» WORK ORDER: Could you retype only the lines from the one containing "Mexen Carmen, závesná" through the final line of the entries, both included, skipping any images?

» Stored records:

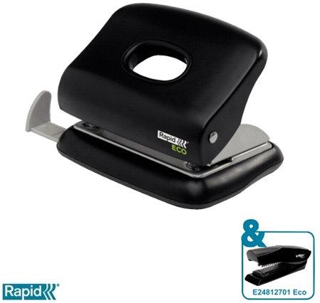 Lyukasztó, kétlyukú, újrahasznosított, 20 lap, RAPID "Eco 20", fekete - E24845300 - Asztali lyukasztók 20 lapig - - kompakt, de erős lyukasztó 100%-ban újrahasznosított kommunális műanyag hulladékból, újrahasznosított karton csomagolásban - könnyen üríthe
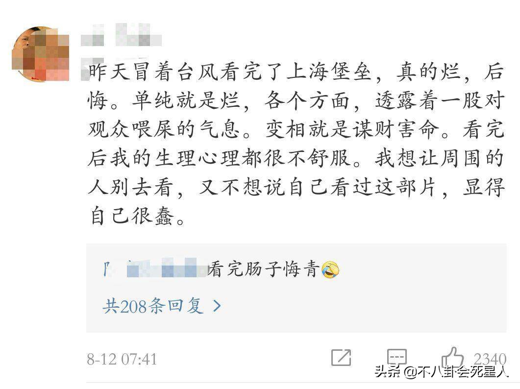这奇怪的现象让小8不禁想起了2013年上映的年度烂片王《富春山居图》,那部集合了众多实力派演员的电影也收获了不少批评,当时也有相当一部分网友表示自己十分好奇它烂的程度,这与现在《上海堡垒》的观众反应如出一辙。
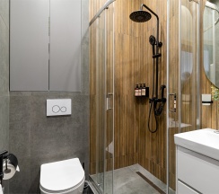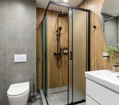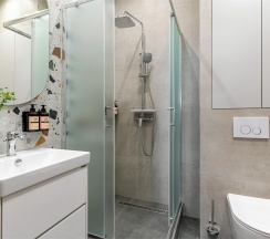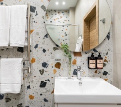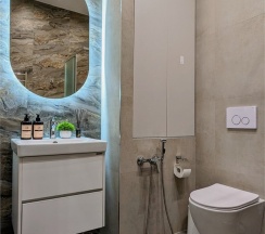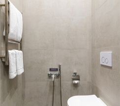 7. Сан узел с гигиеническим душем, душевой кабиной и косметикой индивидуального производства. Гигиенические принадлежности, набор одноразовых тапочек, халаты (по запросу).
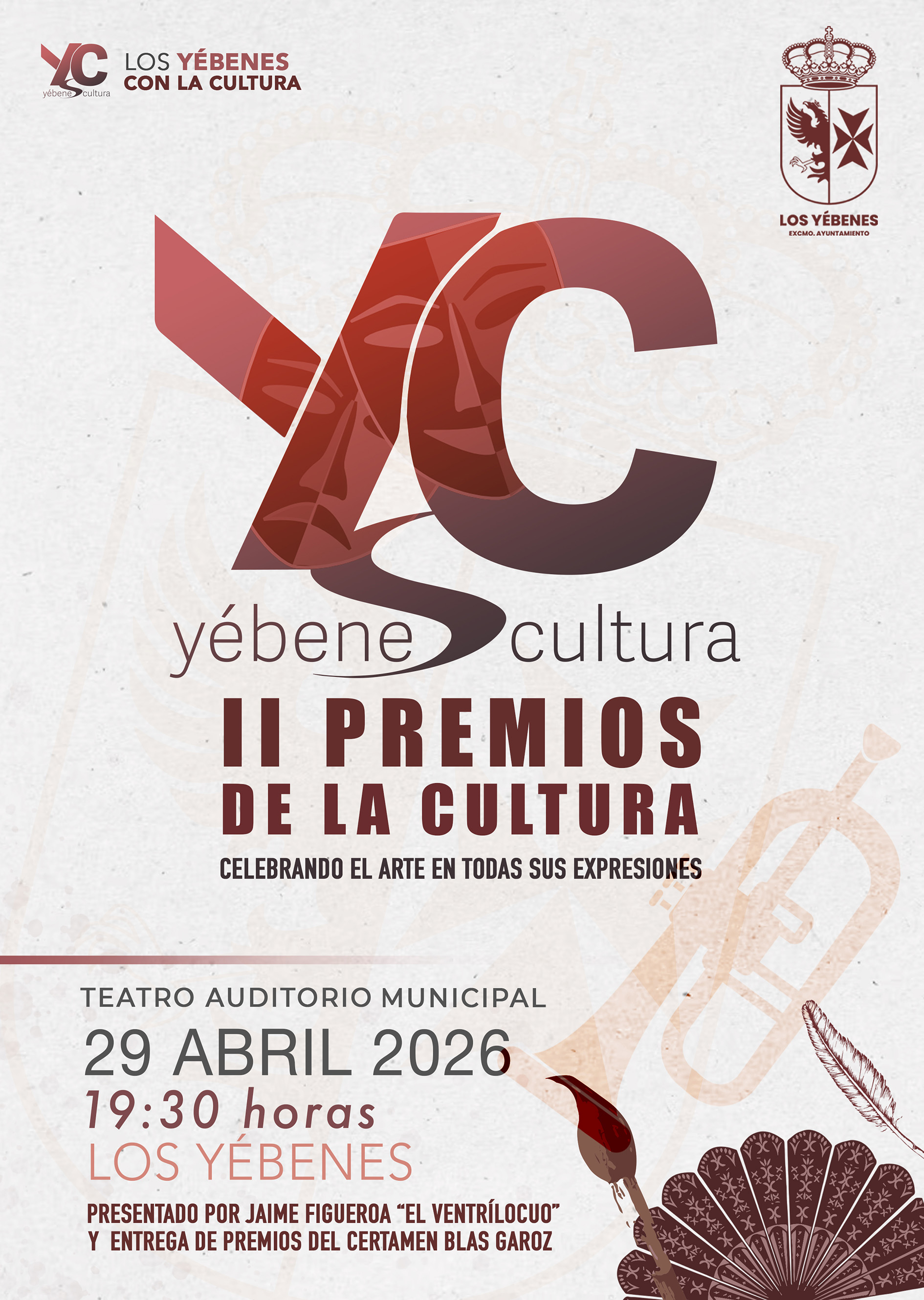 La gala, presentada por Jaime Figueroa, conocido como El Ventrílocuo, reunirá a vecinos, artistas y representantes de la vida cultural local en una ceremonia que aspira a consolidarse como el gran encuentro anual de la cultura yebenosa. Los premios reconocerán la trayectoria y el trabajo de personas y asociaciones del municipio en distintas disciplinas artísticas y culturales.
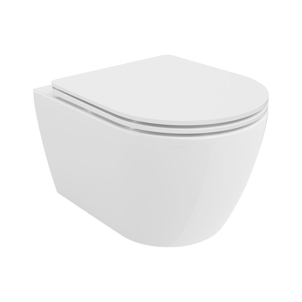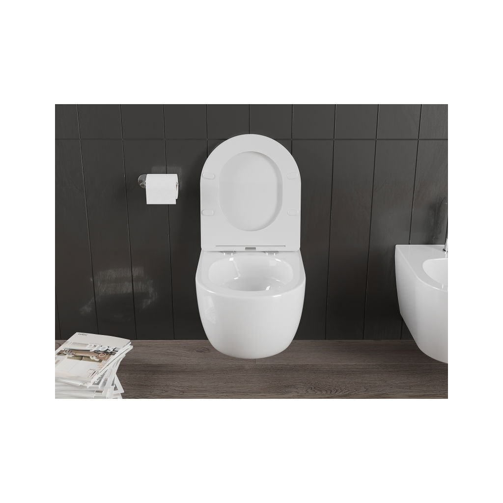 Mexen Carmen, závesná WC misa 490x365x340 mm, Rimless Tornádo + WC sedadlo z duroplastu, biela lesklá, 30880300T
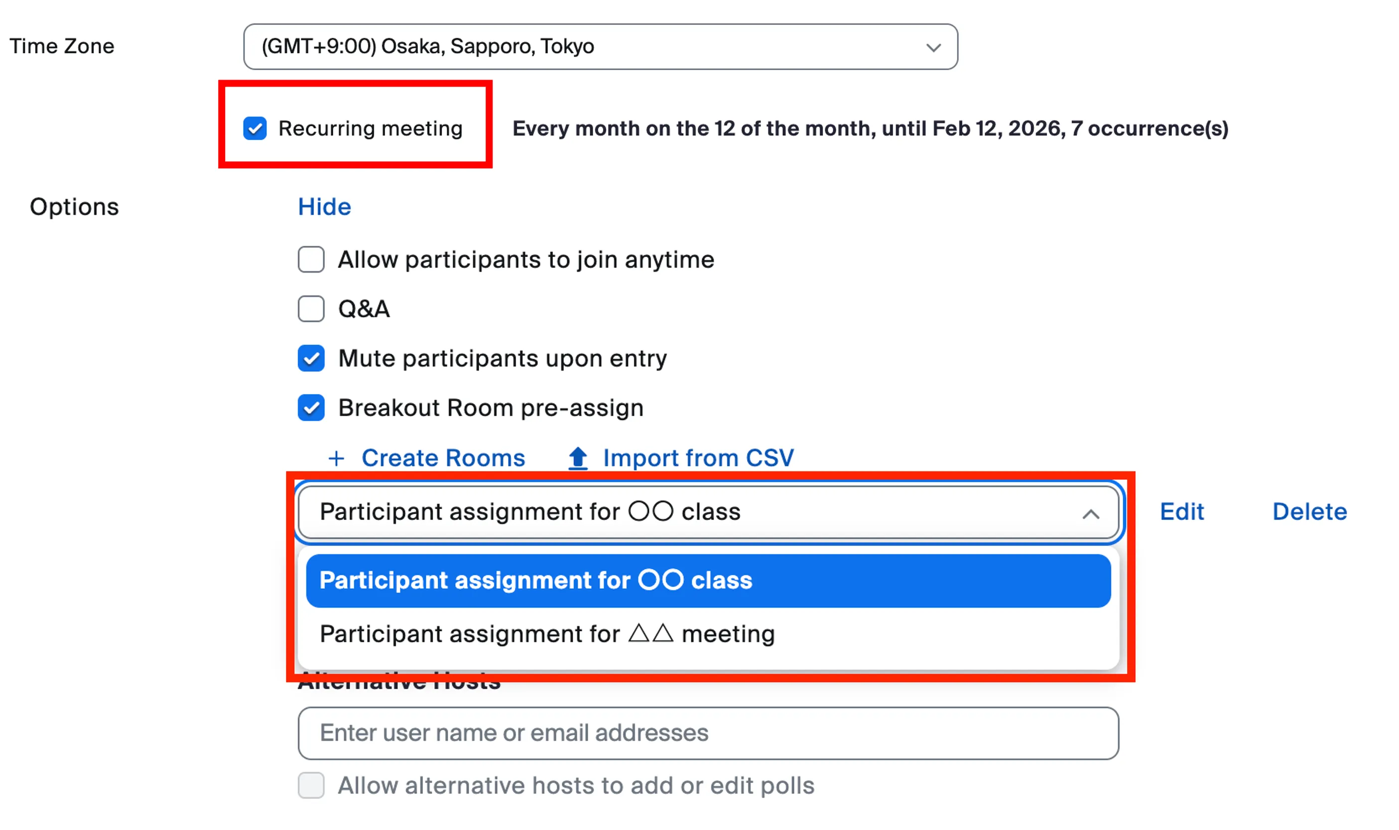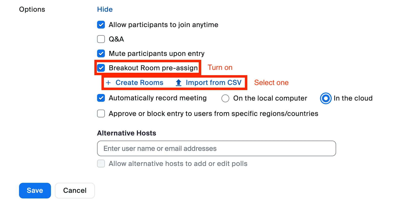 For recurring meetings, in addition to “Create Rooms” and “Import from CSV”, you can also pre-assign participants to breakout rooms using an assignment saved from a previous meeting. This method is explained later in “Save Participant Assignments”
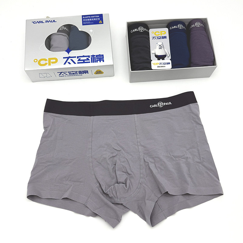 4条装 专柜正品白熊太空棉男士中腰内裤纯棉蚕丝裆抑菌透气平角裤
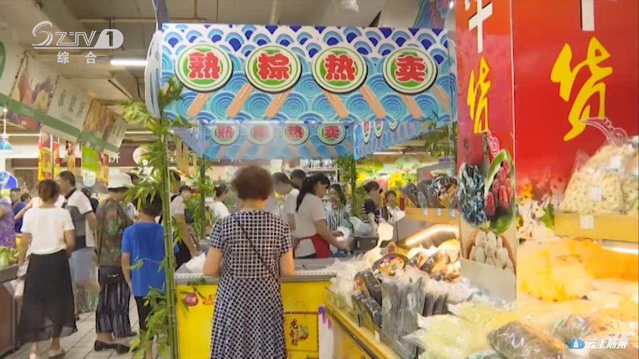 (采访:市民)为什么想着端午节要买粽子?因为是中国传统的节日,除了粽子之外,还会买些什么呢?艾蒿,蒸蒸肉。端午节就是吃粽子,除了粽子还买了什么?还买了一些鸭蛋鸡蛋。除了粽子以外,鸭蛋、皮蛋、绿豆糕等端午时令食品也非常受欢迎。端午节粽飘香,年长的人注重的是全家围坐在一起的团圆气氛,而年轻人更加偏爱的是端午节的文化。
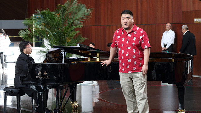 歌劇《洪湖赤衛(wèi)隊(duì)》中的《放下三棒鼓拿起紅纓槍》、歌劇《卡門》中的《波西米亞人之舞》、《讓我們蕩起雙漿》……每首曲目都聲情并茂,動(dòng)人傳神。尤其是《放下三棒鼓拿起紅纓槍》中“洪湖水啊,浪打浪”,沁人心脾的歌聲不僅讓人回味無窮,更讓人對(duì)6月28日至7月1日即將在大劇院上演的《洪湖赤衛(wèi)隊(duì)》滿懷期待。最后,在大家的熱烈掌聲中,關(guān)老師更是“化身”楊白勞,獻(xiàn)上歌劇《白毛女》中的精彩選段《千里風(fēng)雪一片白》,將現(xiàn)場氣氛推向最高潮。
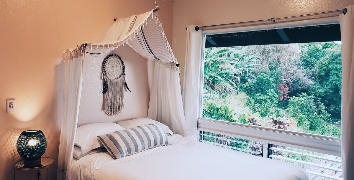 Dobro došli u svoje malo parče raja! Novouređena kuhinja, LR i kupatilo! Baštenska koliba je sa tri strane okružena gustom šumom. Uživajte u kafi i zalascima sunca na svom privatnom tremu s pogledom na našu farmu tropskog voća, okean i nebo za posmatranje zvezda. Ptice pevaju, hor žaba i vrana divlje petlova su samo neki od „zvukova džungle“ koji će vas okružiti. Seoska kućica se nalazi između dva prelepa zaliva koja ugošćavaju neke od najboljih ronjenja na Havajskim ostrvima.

» YOUR RESPONSE:
 Mexen Carmen, závesná WC misa 490x365x340 mm, Rimless Tornádo + WC sedadlo z duroplastu, biela lesklá, 30880300T
 For recurring meetings, in addition to “Create Rooms” and “Import from CSV”, you can also pre-assign participants to breakout rooms using an assignment saved from a previous meeting. This method is explained later in “Save Participant Assignments”
 4条装 专柜正品白熊太空棉男士中腰内裤纯棉蚕丝裆抑菌透气平角裤
 (采访:市民)为什么想着端午节要买粽子?因为是中国传统的节日,除了粽子之外,还会买些什么呢?艾蒿,蒸蒸肉。端午节就是吃粽子,除了粽子还买了什么?还买了一些鸭蛋鸡蛋。除了粽子以外,鸭蛋、皮蛋、绿豆糕等端午时令食品也非常受欢迎。端午节粽飘香,年长的人注重的是全家围坐在一起的团圆气氛,而年轻人更加偏爱的是端午节的文化。
 歌劇《洪湖赤衛(wèi)隊(duì)》中的《放下三棒鼓拿起紅纓槍》、歌劇《卡門》中的《波西米亞人之舞》、《讓我們蕩起雙漿》……每首曲目都聲情并茂,動(dòng)人傳神。尤其是《放下三棒鼓拿起紅纓槍》中“洪湖水啊,浪打浪”,沁人心脾的歌聲不僅讓人回味無窮,更讓人對(duì)6月28日至7月1日即將在大劇院上演的《洪湖赤衛(wèi)隊(duì)》滿懷期待。最后,在大家的熱烈掌聲中,關(guān)老師更是“化身”楊白勞,獻(xiàn)上歌劇《白毛女》中的精彩選段《千里風(fēng)雪一片白》,將現(xiàn)場氣氛推向最高潮。
 Dobro došli u svoje malo parče raja! Novouređena kuhinja, LR i kupatilo! Baštenska koliba je sa tri strane okružena gustom šumom. Uživajte u kafi i zalascima sunca na svom privatnom tremu s pogledom na našu farmu tropskog voća, okean i nebo za posmatranje zvezda. Ptice pevaju, hor žaba i vrana divlje petlova su samo neki od „zvukova džungle“ koji će vas okružiti. Seoska kućica se nalazi između dva prelepa zaliva koja ugošćavaju neke od najboljih ronjenja na Havajskim ostrvima.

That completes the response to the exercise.